Other weird sets are possible. I have a vague recollection that digit sets in base ten are possible with gaps. But a search through my literature pile has been unsuccessful in tracking down the paper.

This looks like a job for brute force. Base ten is a bit much for a one-hour project, but I checked ternary with all possible set of three digits between -9 and 9 inclusive. The following digit sets seem to be able to represent all integers, and presumably all reals as well: {-7,0,1}, {-5,0,2}, {-4,0,1}, {-2,-1,0}, {-2,0,5}, {-1,0,1}, {-1,0,4}, {-1,0,7}, {0,1,2}. Note the symmetry that if I replace each digit with its negative, that works too. I then did the same with quaternary, also with digits -9 through 9. The following sets of four digits appear to work: {-9,-7,0,2}, {-9,-2,0,1}, {-9,0,1,2}, {-9,0,2,5}, {-7,-5,0,2}, {-7,-1,0,2}, {-7,-1,0,6}, {-7,0,2,3}, {-6,-5,0,1}, {-6,-1,0,1}, {-6,-1,0,5}, {-6,0,1,7}, {-5,-2,0,1}, {-5,-2,0,9}, {-5,0,1,2}, {-5,0,1,6}, {-3,-2,-1,0}, {-3,-2,0,7}, {-3,-1,0,2}, {-2,-1,0,1}, {-2,-1,0,5}, {-2,-1,0,9}, {-2,0,1,3}, {-2,0,1,7}, {-2,0,5,7}, {-2,0,7,9}, {-1,0,1,2}, {-1,0,1,6}, {-1,0,2,5}, {-1,0,2,9}, {-1,0,5,6}, {0,1,2,3}. Again, if I replace each digit with its negative, that works too.
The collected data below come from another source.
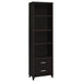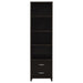 Elevate your living room with this four-piece entertainment center, finished in rich cappuccino for a sleek contemporary look. The 60-inch TV console accommodates televisions up to 60 inches and includes two framed clear tempered glass doors, adjustable shelving, and three drawers for organized storage. Flanking media towers provide additional open shelving for books and decor, along with two drawers each for concealed items. A connecting bridge tops the unit, featuring two enclosed compartments to complete the design. Brushed silver hardware and tapered legs add refined finishing touches._x005F_x000D_ Key Features: • Cappuccino 4-piece entertainment center with clean lines and brushed silver hardware • 60-inch TV stand supports televisions up to 60 inches with modern storage features • Two framed clear tempered glass doors with four adjustable shelves for media gear • Three central drawers in console provide concealed storage for games and devices • Twin media towers each feature four open shelves and two drawers for organization • Bridge includes two enclosed compartments, completing this cohesive entertainment wall
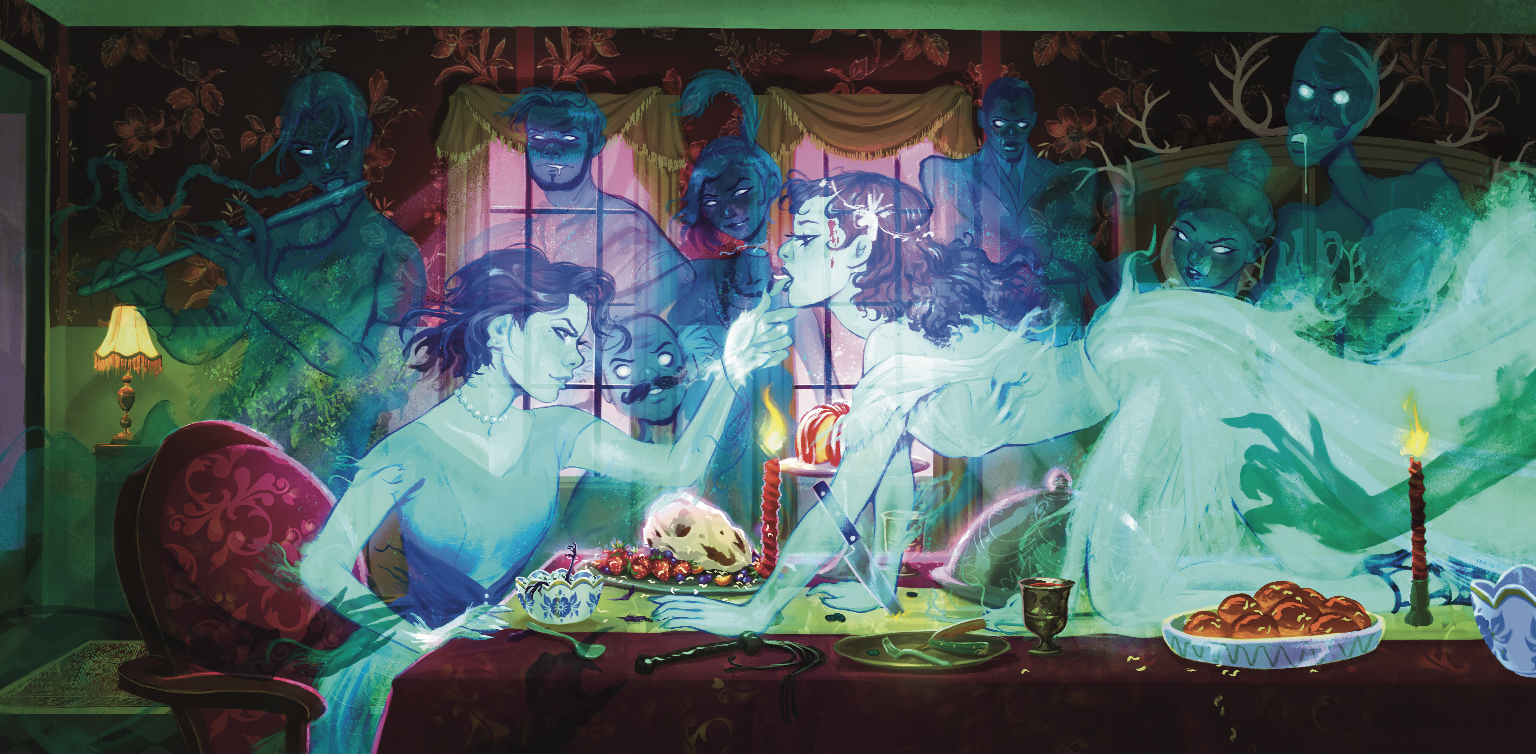 “Amber, love, there you are.” The gunshot at her temple is a ruby glisten, a spillage of pomegranate seeds. She twines her fingers in mine and, superimposed over the arch of her left zygomatic bone, the children of the house whisper between themselves. “Come, look what has arrived for tonight.”
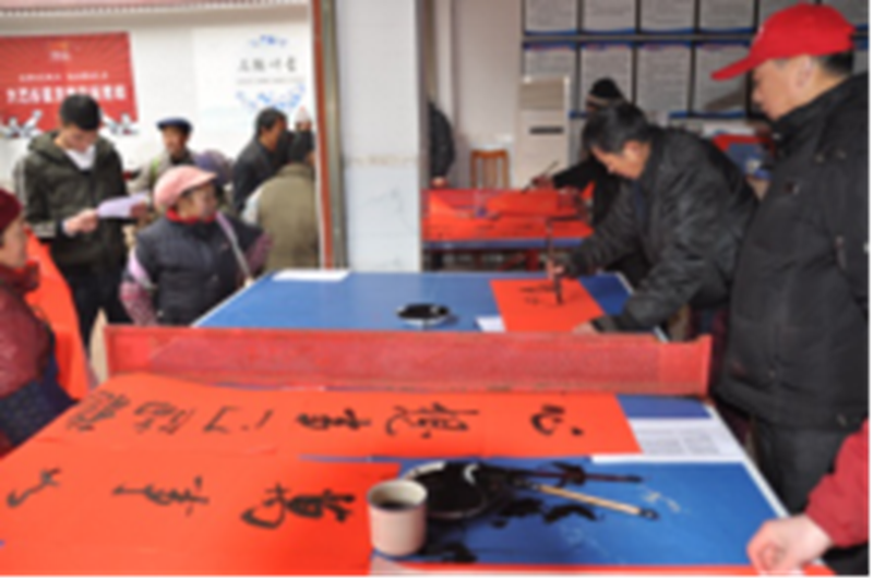 活动邀请了泸州市书法家协会6名书法家,共同义务书写春联400余幅,福字200余张。受到当地村民的喜爱。
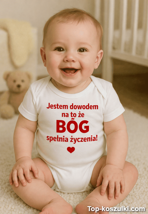 To śmieszne body niemowlęce prezent z tekstem „Jestem dowodem na to że BÓG spełnia życzenia!” robi robotę od pierwszego spojrzenia. Ma w sobie urok, odrobinę bezczelnego humoru i ten efekt: „Okej, kto to wymyślił?!” 😅
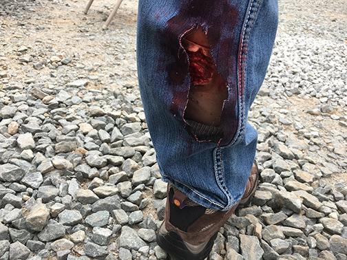 Our first stop was the moulage area, which is applying make-up to simulate injuries. Each victim was given a card explaining our injuries and how to act. The card went into our pockets as the responders needed to assess us by asking questions and observations.
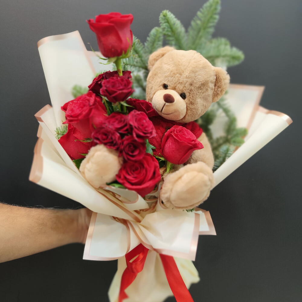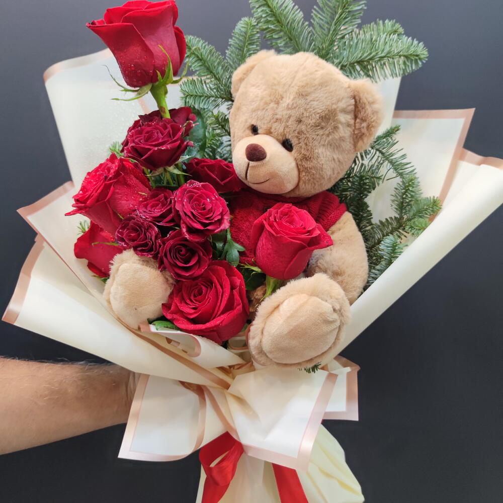 rose - 25 шт. caspia - 5 шт. эукалей - 5 шт. тэдди - 1 шт. красивая красная упаковочная бумага - 25 шт.
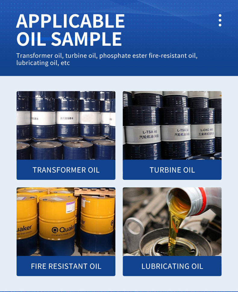 8. Applicable oil samples: transformer oil, turbine oil, phosphate ester fire-resistant oil, lubricating oil, etc
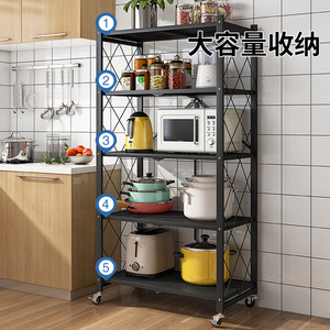 キッチンラック折りたたみ式床置き多層電子レンジ収納ラック家庭用多機能取付不要収納ラック
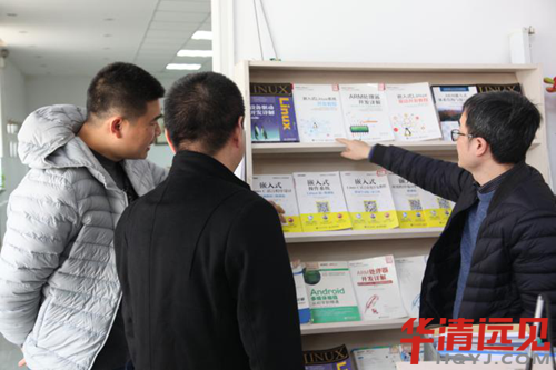 在參觀華清遠見原創(chuàng)出版圖書展區(qū)時,華清遠見教材出版的實力,得到了長春信息技術(shù)職業(yè)學院楊副院長、張主任的極大認可。圖書教材,一直也是高校專業(yè)建設(shè)非常關(guān)注的一環(huán)。華清遠見從2008年便開始啟動圖書出版的工作,10年來,華清遠見已出版了90余套專業(yè)教材,30%被高校納入嵌入式人才培養(yǎng)規(guī)劃指定教材,10%被列為工信部國家信息人才緊缺工程指定教材,80%為千余所高校圖書館里的熱捧教材。華清遠見整合課程體系/實訓項目/配套教材/實驗設(shè)備的一體化的高校合作模式,也是眾多院校選擇華清遠見作為專業(yè)共建/實驗室建設(shè)等合作方的重要原因。
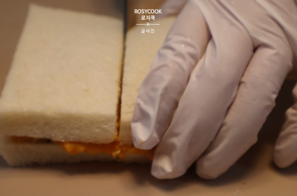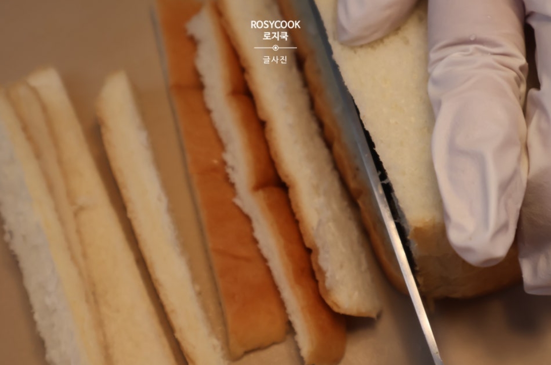 12. 먼저 깔끔하게 식빵의 테두리를 썰어서 제거해 줍니다.
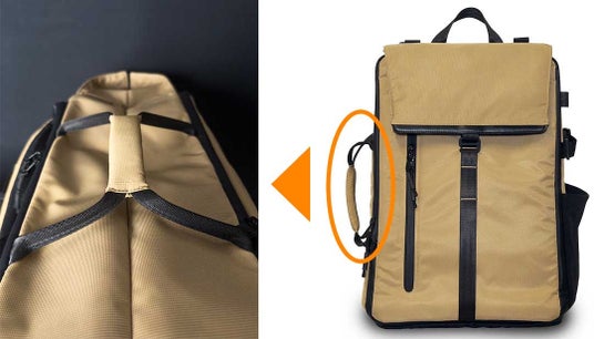 サイドに手持ちがありバッグを横向きでも使用可能、フルオープンファスナーが上部 開口部のように機能するので、荷物の出し入れも楽に行えます。
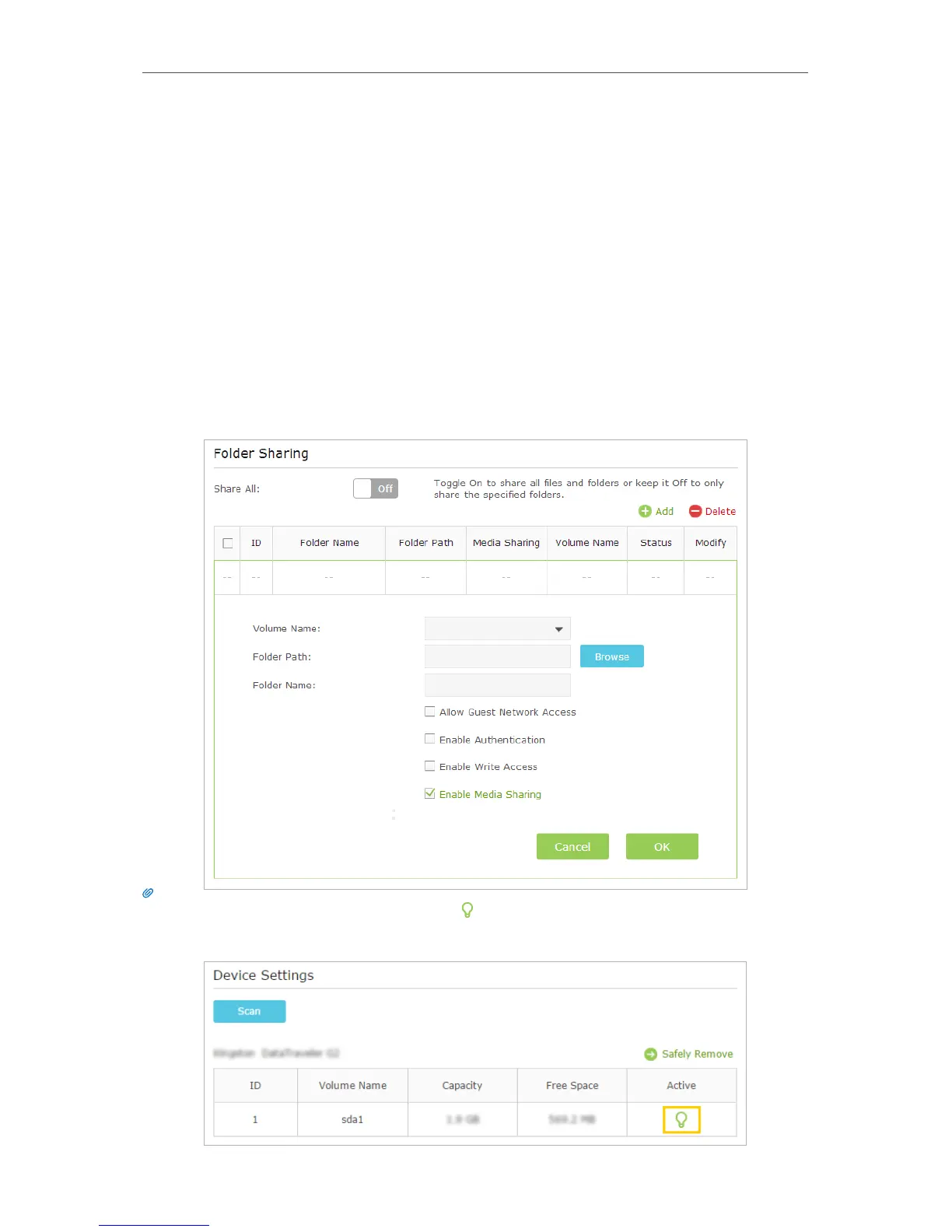 By default, Share All is enabled so all content on the USB disk is shared. If you want to

The only other patterns I notice immediately are that 0 must always be included and that both negatives and positives must be included unless the digits are consecutive. Surprisingly, neither 1 nor -1 needs to be included. (If base four is called quaternary, why isn't base three called tertiary? Geologists have abandoned both terms, replacing them with neogene and paleogene, so mathematicians might as well use them. Just so long as we don't confuse triadic fractions with triassic fractions.)